◆ What to do: Could you transcribe the entries below exactly, without any of the pictures?

(Extracted data entries)
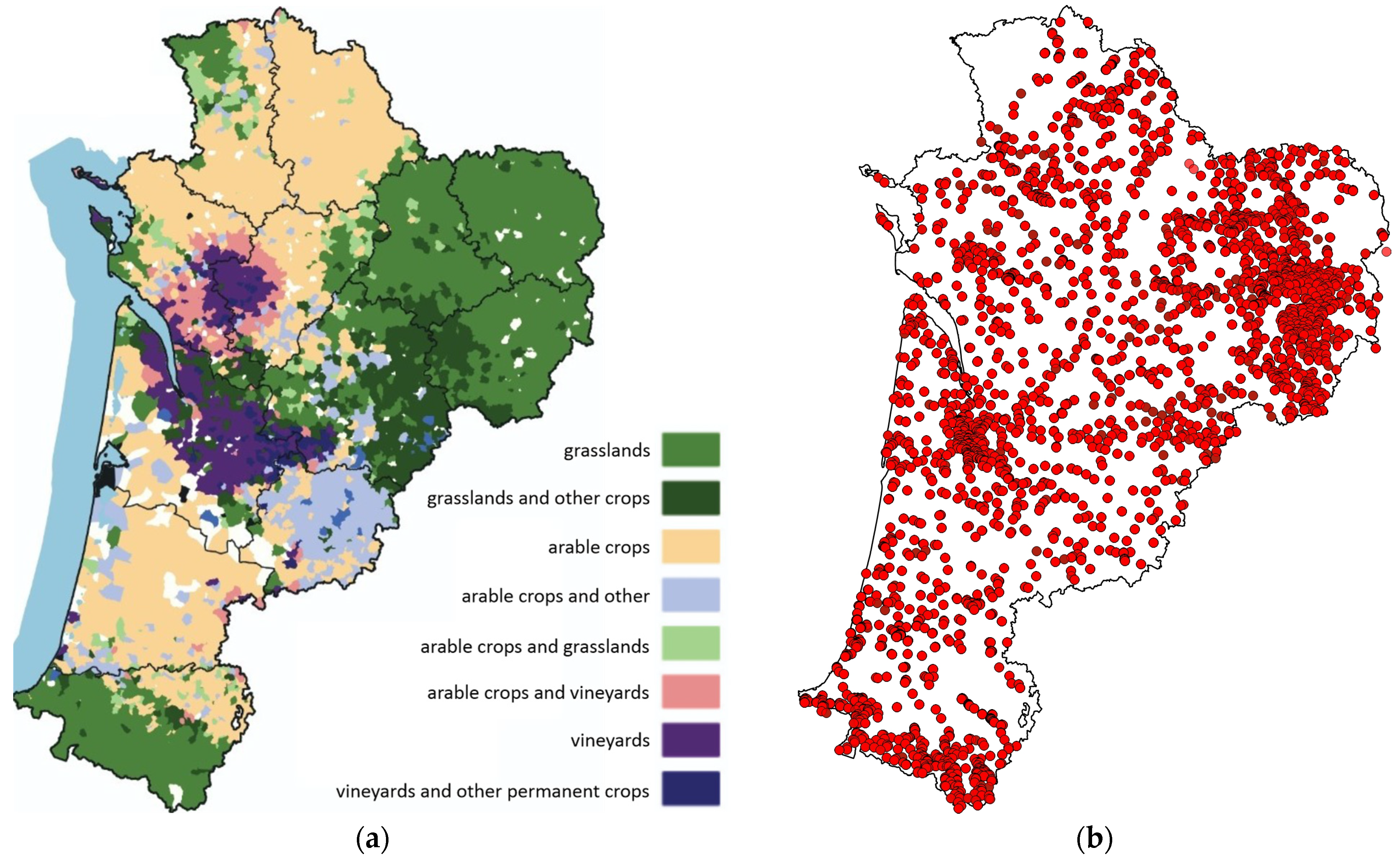 - DRAAF L’occupation Des Sols Agricoles En Nouvelle- Aquitaine Entre 1970 et 2020. Available online: https://draaf.nouvelle-aquitaine.agriculture.gouv.fr/IMG/pdf/agrestena_etudes_48_avril2024_assolements_v7.pdf (accessed on 7 August 2025).
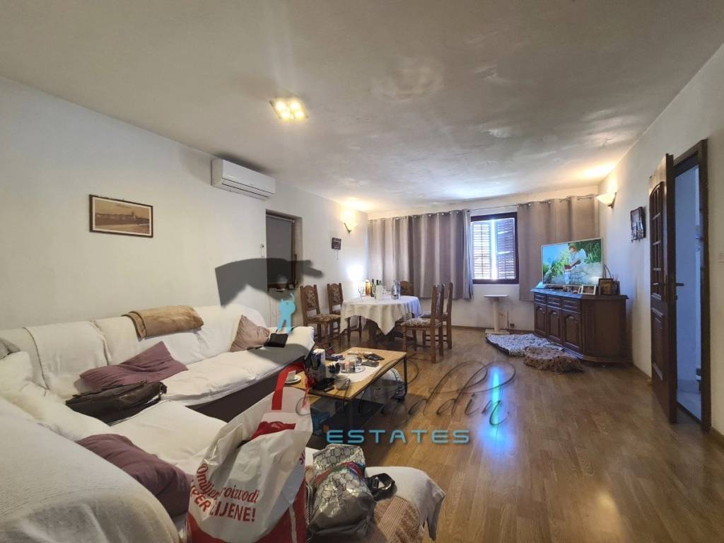Pakoštane, espaciosa casa independiente residencial-comercial con una superficie bruta habitable de 620 m2, distribuida en cuatro plantas, sobre una parcela de terreno de 310 m2. En el sótano se encuentra un garaje con capacidad para 6-7 vehículos y dos trasteros/almacenes de 27 m2. También hay 7 baños que dan servicio a los locales comerciales circundantes.
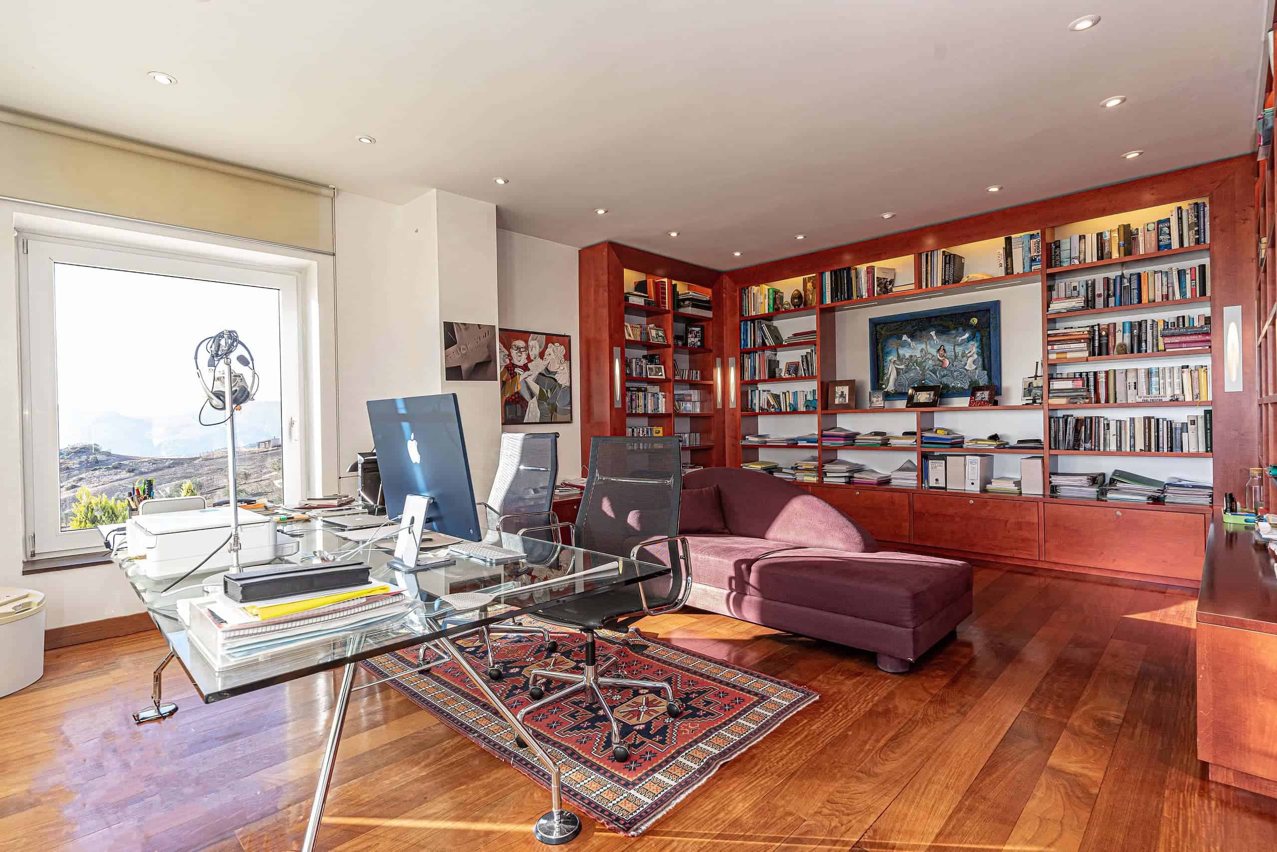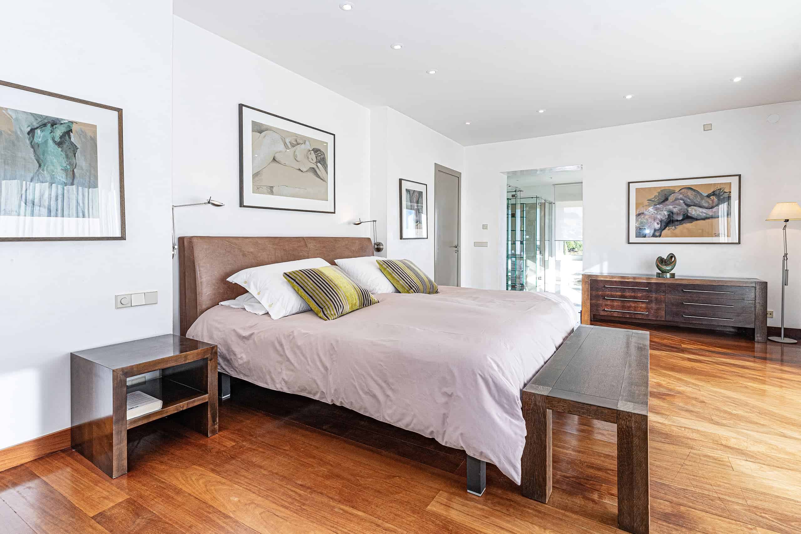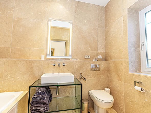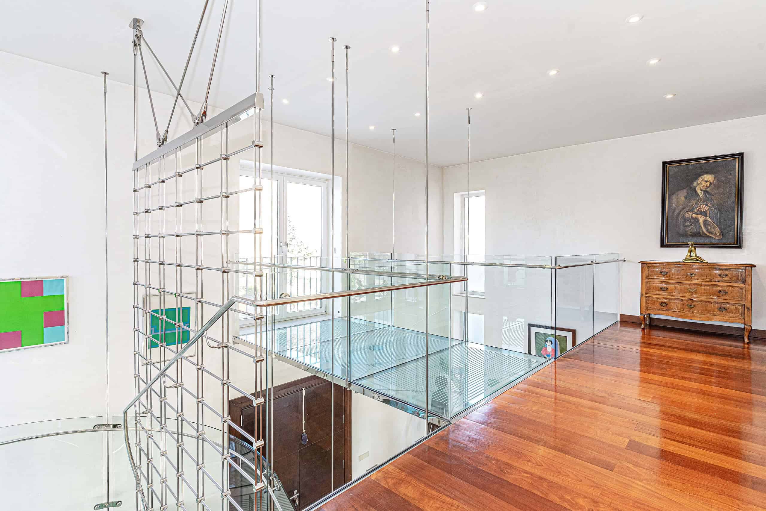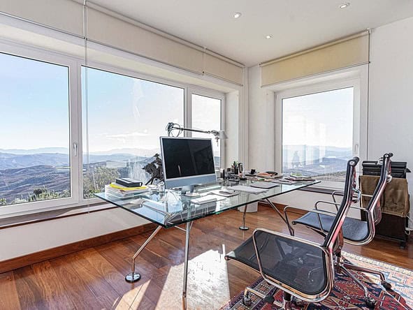 A glass-floored landing leads to an incredible master suite measuring 120m2 and boasting large double-glazed windows and direct access to a private terrace with incredible views. To the left is a large office / library / lounge area whilst to the right is a walk-in wardrobe / dressing room plus a large, modern fitted bathroom with twin sinks, bathtub, glass-enclosed shower unit and a WC.
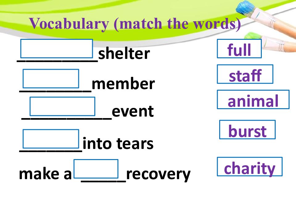 _________shelter ________member __________event _______into tears make a _____recovery full staff burst charity animal
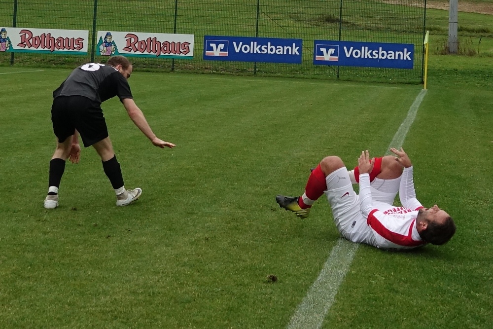 In Halbzeit zwei ein ähnliches Bild. Einzelne Konter der Gäste, wütende aber ungefährliche Angriffe der Heimelf. Vor allem die Routiniers Joachim Bott und David Grundel spielten ihre Erfahrung aus.
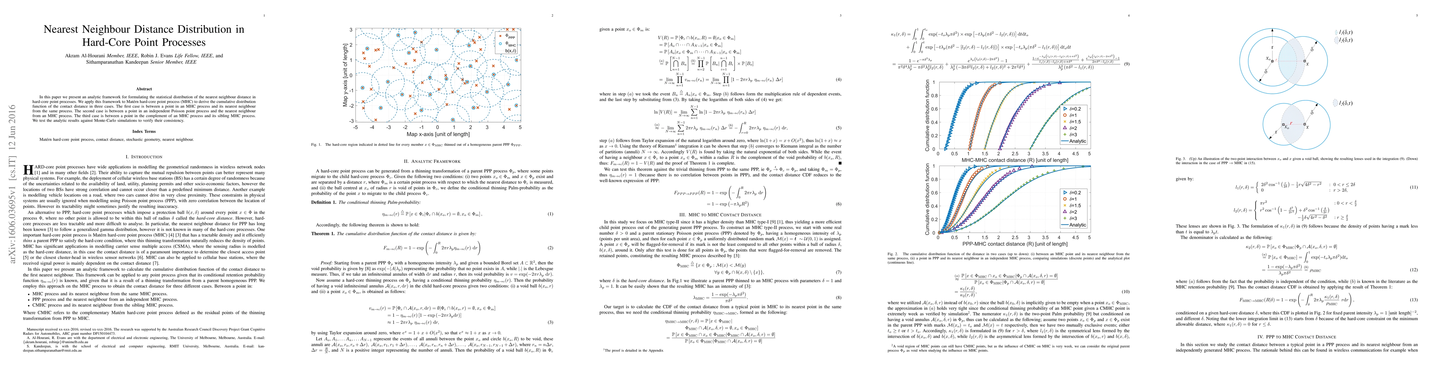 This paper develops an analytic framework for determining the nearest neighbour distance distribution in hard-core point processes, specifically applying it to the Matérn hard-core point process (MHC) to derive the cumulative distribution function for three distinct cases. The results are validated through Monte-Carlo simulations.
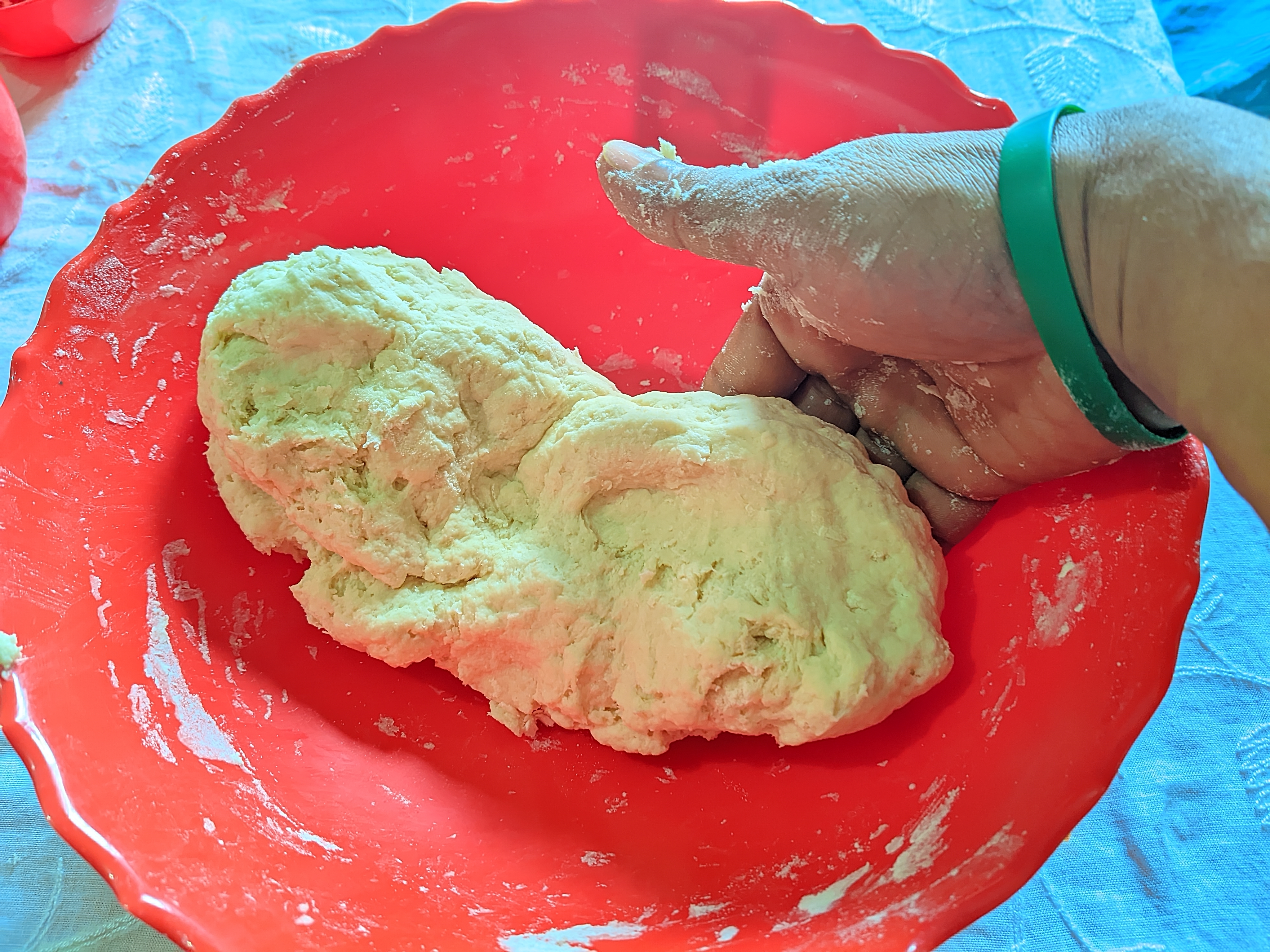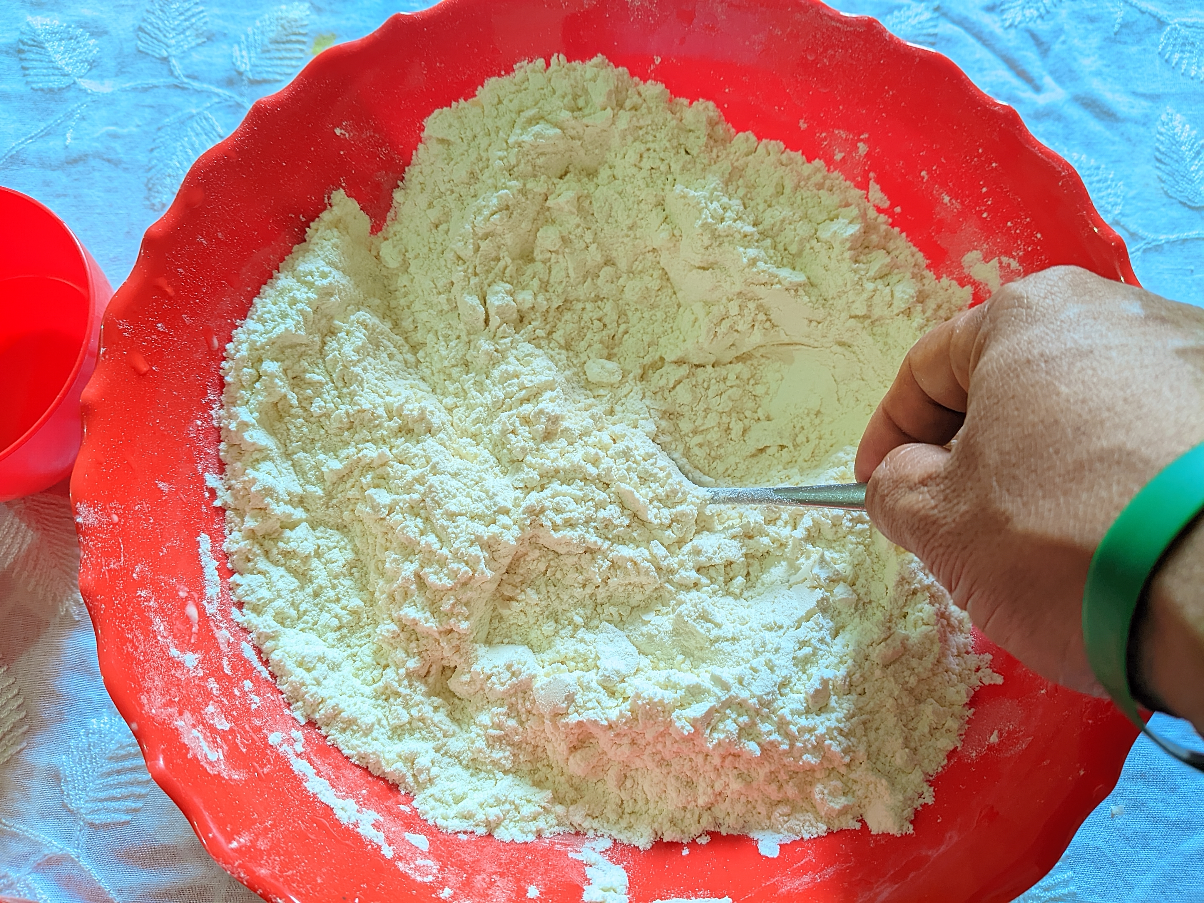 - I mix the flours for some time so that the mixture is nice and soft.
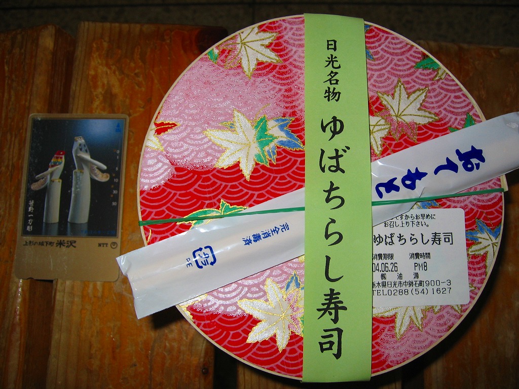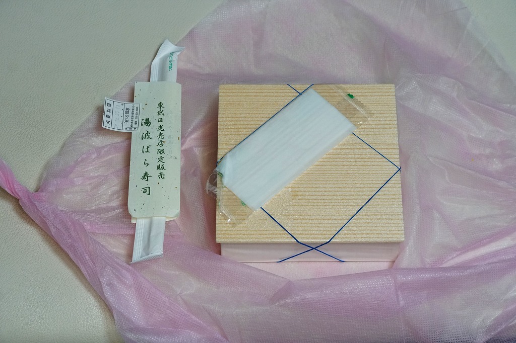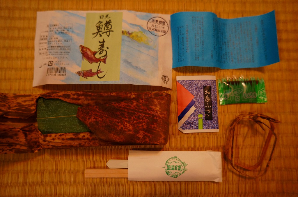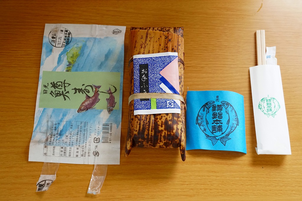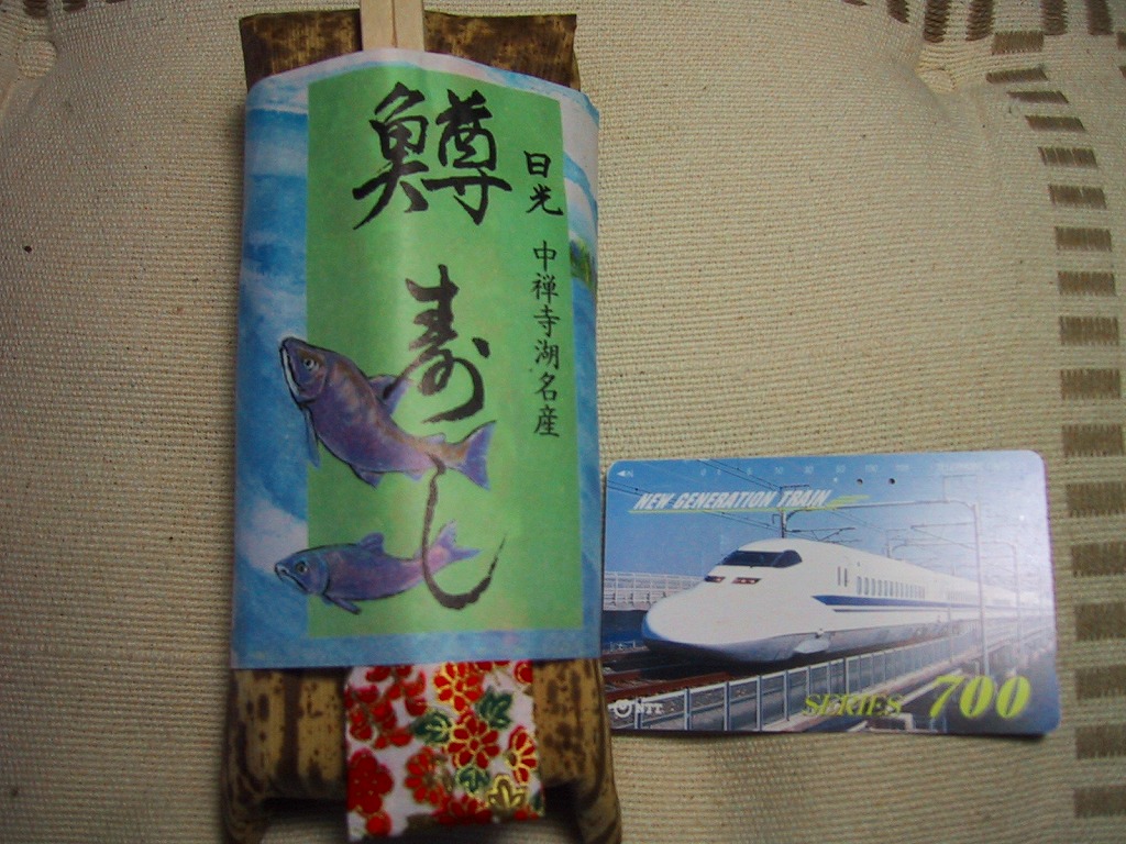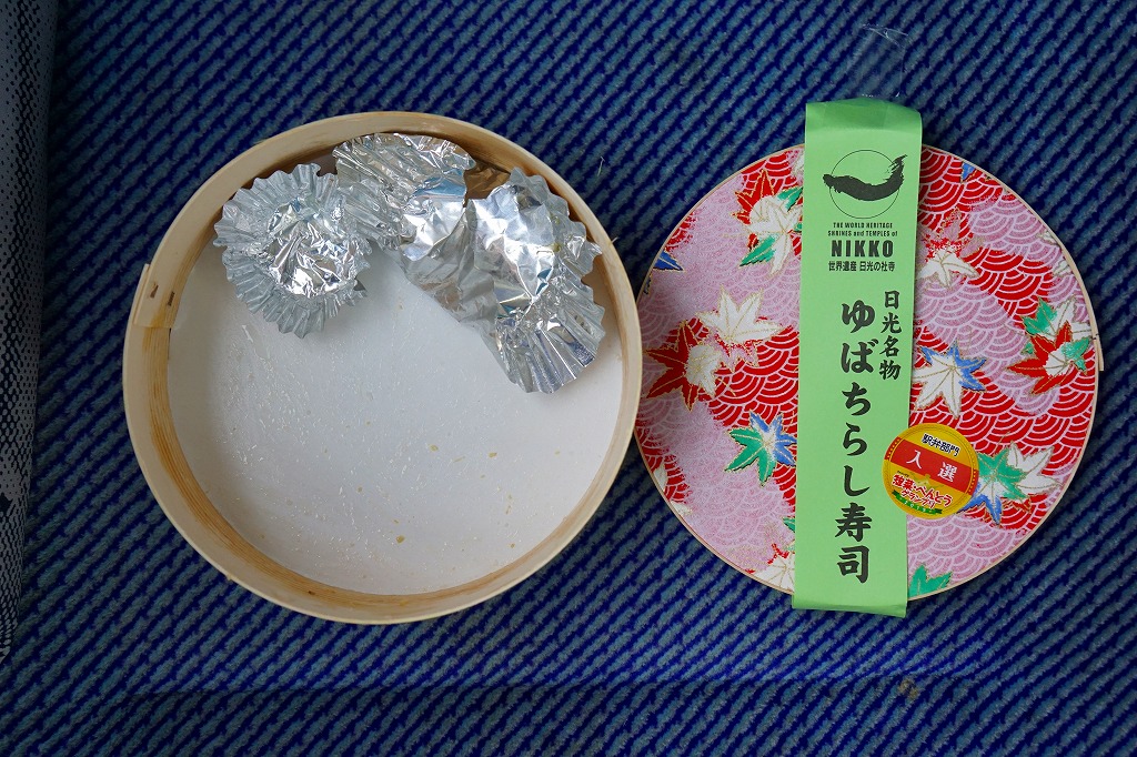駅弁としては1992(平成4)年5月に、東武日光駅で発売した模様。ゆばを挟んだ直方体の酢飯に、中禅寺湖特産というヒメマスの身を寿司ネタ大にして貼り、笹の葉で目張りしてから竹の皮で包み、しおり、しょうゆ、おてふき、割りばし、ナイフを添えて掛紙で巻く。値段は高いが味はうまいの一言。価格は2002年時点で1,260円、2014年4月の消費税率改定から1,300円、2023年時点で1,500円。

◆ Completed task:
 - DRAAF L’occupation Des Sols Agricoles En Nouvelle- Aquitaine Entre 1970 et 2020. Available online: https://draaf.nouvelle-aquitaine.agriculture.gouv.fr/IMG/pdf/agrestena_etudes_48_avril2024_assolements_v7.pdf (accessed on 7 August 2025).
Pakoštane, espaciosa casa independiente residencial-comercial con una superficie bruta habitable de 620 m2, distribuida en cuatro plantas, sobre una parcela de terreno de 310 m2. En el sótano se encuentra un garaje con capacidad para 6-7 vehículos y dos trasteros/almacenes de 27 m2. También hay 7 baños que dan servicio a los locales comerciales circundantes.
 A glass-floored landing leads to an incredible master suite measuring 120m2 and boasting large double-glazed windows and direct access to a private terrace with incredible views. To the left is a large office / library / lounge area whilst to the right is a walk-in wardrobe / dressing room plus a large, modern fitted bathroom with twin sinks, bathtub, glass-enclosed shower unit and a WC.
 _________shelter ________member __________event _______into tears make a _____recovery full staff burst charity animal
 In Halbzeit zwei ein ähnliches Bild. Einzelne Konter der Gäste, wütende aber ungefährliche Angriffe der Heimelf. Vor allem die Routiniers Joachim Bott und David Grundel spielten ihre Erfahrung aus.
 This paper develops an analytic framework for determining the nearest neighbour distance distribution in hard-core point processes, specifically applying it to the Matérn hard-core point process (MHC) to derive the cumulative distribution function for three distinct cases. The results are validated through Monte-Carlo simulations.
 - I mix the flours for some time so that the mixture is nice and soft.
駅弁としては1992(平成4)年5月に、東武日光駅で発売した模様。ゆばを挟んだ直方体の酢飯に、中禅寺湖特産というヒメマスの身を寿司ネタ大にして貼り、笹の葉で目張りしてから竹の皮で包み、しおり、しょうゆ、おてふき、割りばし、ナイフを添えて掛紙で巻く。値段は高いが味はうまいの一言。価格は2002年時点で1,260円、2014年4月の消費税率改定から1,300円、2023年時点で1,500円。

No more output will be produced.